Мгновение спустя сзади хлопнула дверь, вслед за чем послышались неторопливые шаги. Двое, определил на слух Кругленький. Нет, трое – более легкие шаги третьего были едва слышны. Медленно, но верно «защитники животных» сокращали расстояние. Теперь Кругленький ощущал опасность каждой клеточкой своего тщедушного тела.
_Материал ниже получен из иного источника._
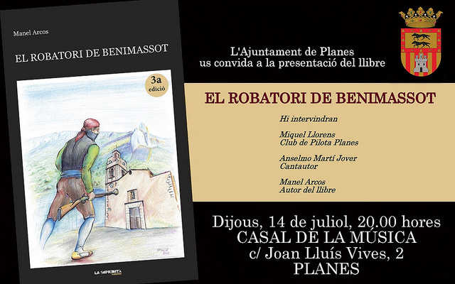 Dijous 14 de juliol de 2016 A les 20.00 h Xerrada sobre el meu llibre El robatori de Benimassot Al Casal de la Música de Planes (c/ Joan Lluís Vives, 2). El cantautor Anselmo Martí Jover obrirà i tancarà l’acte. Manel Arcos i Martínez
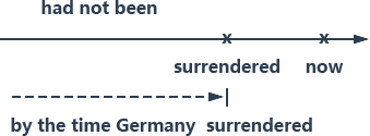 这个句子的时间副词是“算到德国投降为止”,所以是一个到过去时间截止的箭头。这就是过去完成式。动词 had not been 表示“尚未”,就是“已经”的相反。be 动词仍不必翻译。补语部分 defeated 是过去分词,表示被动的形容词,“被打败”用来形容主语“日本”。
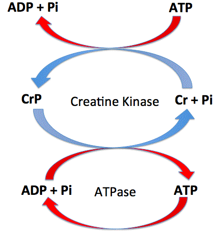 | During short-term, intense activities, a large amount of power needs to be produced by the muscles, creating a high demand for ATP. The phosphagen system (also called the CrP-ATP system) is the quickest way to resynthesize ATP. Creatine phosphate (CrP), which is stored in skeletal muscles, donates a phosphate to ADP to produce ATP. During rest the ATP will help to restore CrP. |
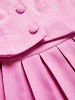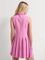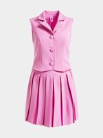 This Y&G Pleated Shift Waistcoat Dress is a fun take on the suiting trend. This cute mini looks like a two-piece set, but is all-in-one for easy styling. Wear it with mesh pumps and a monogram shoulder bag.
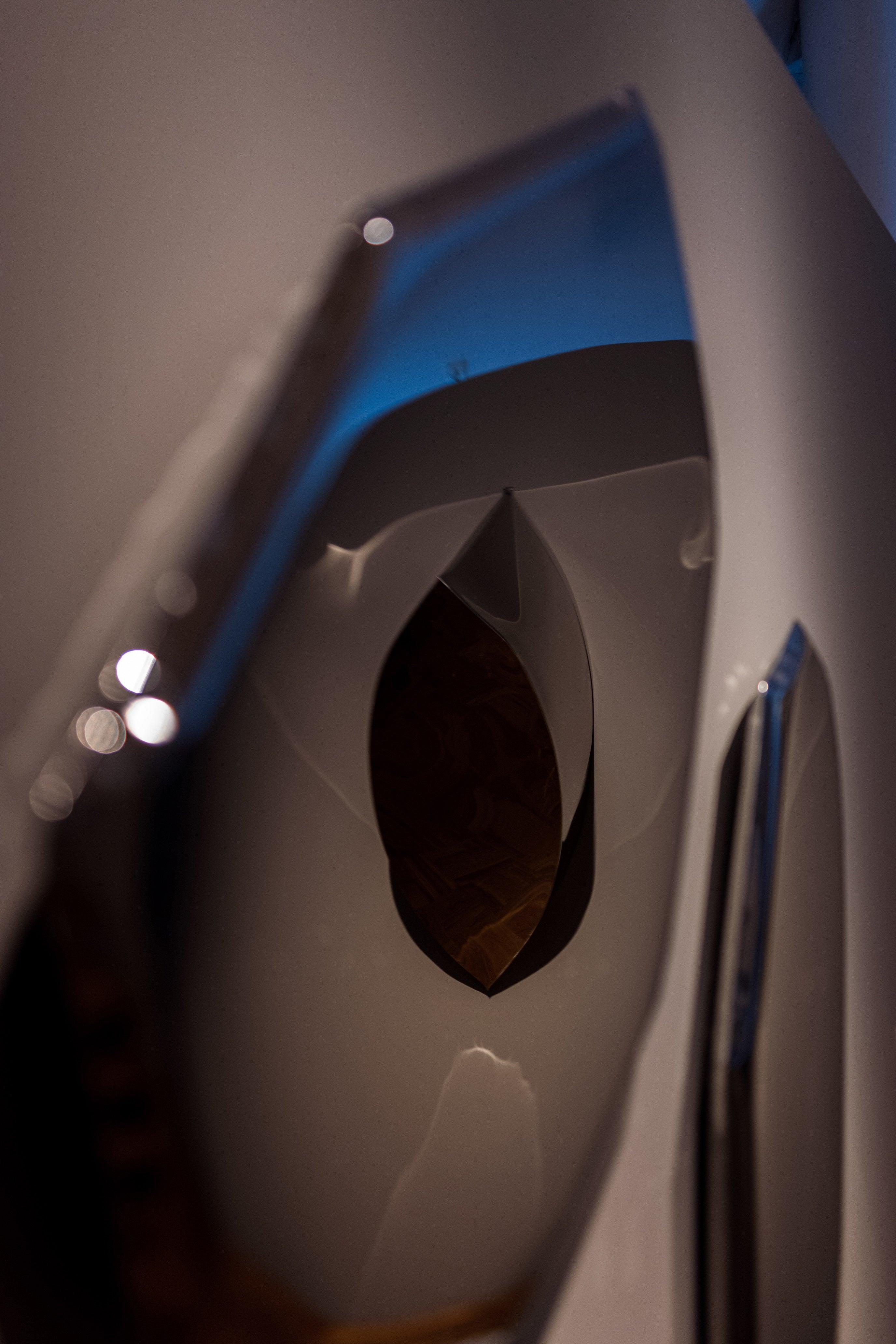 Neregulární deformace na okrajích tafle jsou jedinečné a neopakovatelné. Jejich vznik je výsledkem odvážného experimentu s kovovými materiály, kde volné deformace kovu pod tlakem vzduchu dodávají každému kusu jeho nezaměnitelný charakter. Každý z těchto objektů je unikátní, nese v sobě příběhy o odrazech a vyprávění o odrazech, které jsou zároveň tajemné a lákavé.
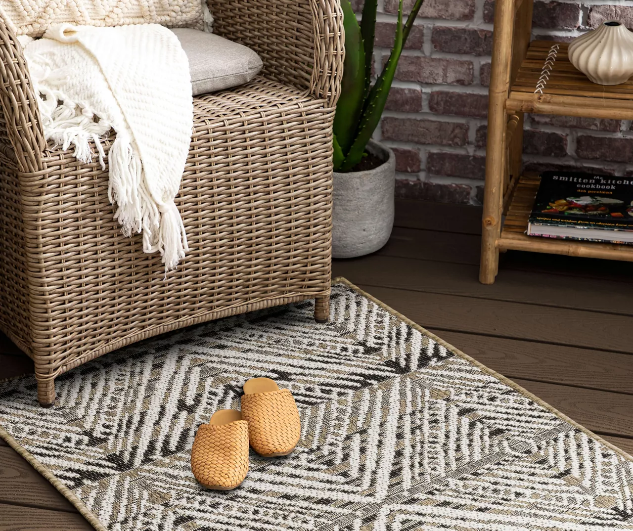 The Mohawk Home Poolside Diamond area rug features a globally inspired boho-chic design in a lovely neutral color palette. Made with all-weather olefin polypropylene yarn, this flatwoven area rug offers a detailed design, soft feel and dependable durability that works in both indoor and outdoor spaces. The resilient surface fibers are resistant to stains, fading and moisture, making it a great choice for high-traffic areas.
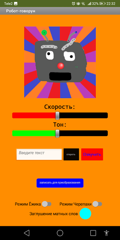 È possibile regolare la velocità e il tono del robot. Puoi esprimere non solo parole, ma anche numeri. In qualsiasi lingua.
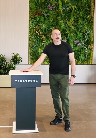 Sonra "Tabaterra" MMC-nin direktoru Elman Cavanşir dövlətimizin başçısına müəssisə barədə məlumat verdi.
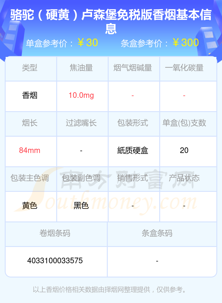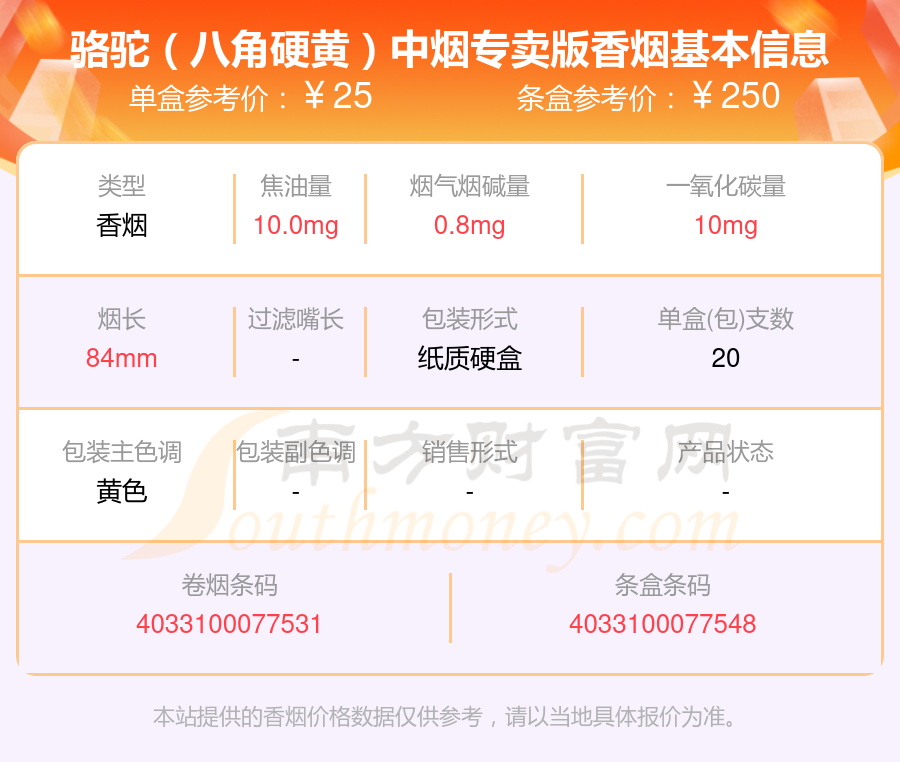 駱駝(硬黃)盧森堡免稅版參考價(jià)30.0元/包、駱駝(八角硬黃)中煙專賣版參考價(jià)25.0元/包等。

Все еще сохраняя нетвердость походки, он тем не менее прибавил шагу и поспешил скрыться в проходном дворе, где, уже не таясь, перешел на бег. У выхода на соседнюю улочку он оглянулся. Трое мужчин – один постарше, двое среднего возраста – уже зашли во двор, но передвигались все так же спокойно, хотя и быстро.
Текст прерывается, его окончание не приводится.